Why AGI Must Be A Parrot

As humans, we tend to take for granted the way our brains work. We assume that intelligence is a universal and objective concept. But the truth is more complicated.

Reverse-Engineering Intelligence

Our intelligence is path-dependent. It evolved to handle specific challenges that were present in our evolutionary past. Some of these challenges, such as the need to navigate complex social relationships using language, are still relevant today. Others, such as the need to evade predators on the savanna, are not.

It is unlikely that we will ever be able to untangle the uncountable evolutionary forces and the exact circumstances that forged our intelligence. As a result, attempting to replicate the evolutionary path of human intelligence in the development of AGI would be a daunting and unlikely task.
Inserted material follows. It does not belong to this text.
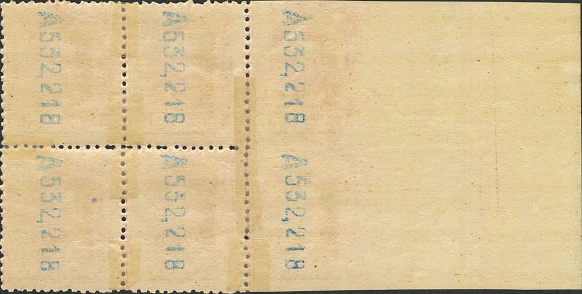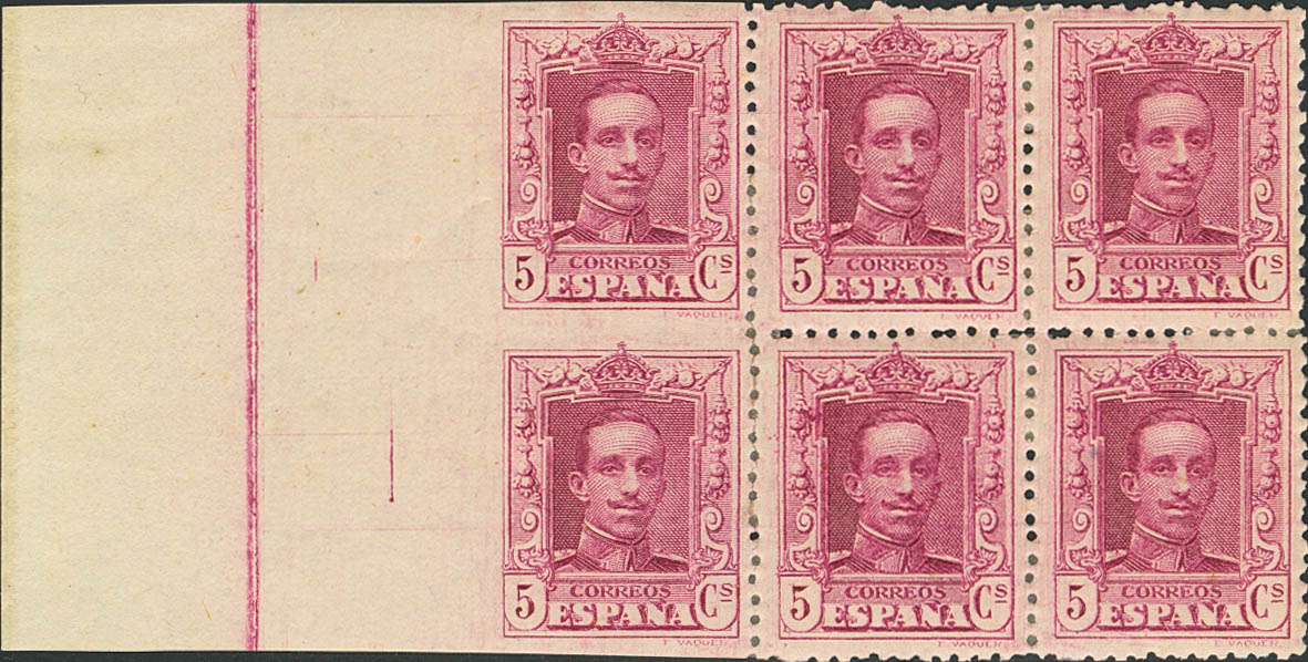 ★ 311dmd(2). 1922. 5 cts lila claro, bloque de seis, borde de hoja. Dos sellos SIN DENTAR EN TRES MARGENES. MAGNIFICO Y RARO. Edifil 2020: +490 Euros

We could skip the evolutionary pressures and try replicating only the finished result, and, in fact, we did borrow one of nature's better ideas - neural networks. But how far are we likely to take this? As is, we have a lot of work to do: AI's neural networks work not on neurons but on Numpy's floats, bits and bytes.

If we could somehow move to the more natural and fleshy hardware, it sure doesn't sound like a great idea to start replicating every part of the human brain. For example, shall we give AI the amygdala so it can learn to fear? And if deviate from nature's architecture of the human brain, well, then we're back where we started.

Smart Parrot

In order to create AGI that is truly intelligent and relatable to humans, it most likely must be a learned imitation of the current version of human intelligence. Because AI operates in a different environment, historical context, and runs on different hardware than we do, its best bet is to parrot our cognitive abilities, rather than attempt to replicate the evolutionary pressures and structures that led to our intelligence's development.

We can already see these approaches showing remarkable results with models like GPT which, being trained on large parts of the internet, parrots our language use, rather than attempting to recreate it from scratch.

Written by ChatGPT.
Just kidding, I wrote this. Well, most of it.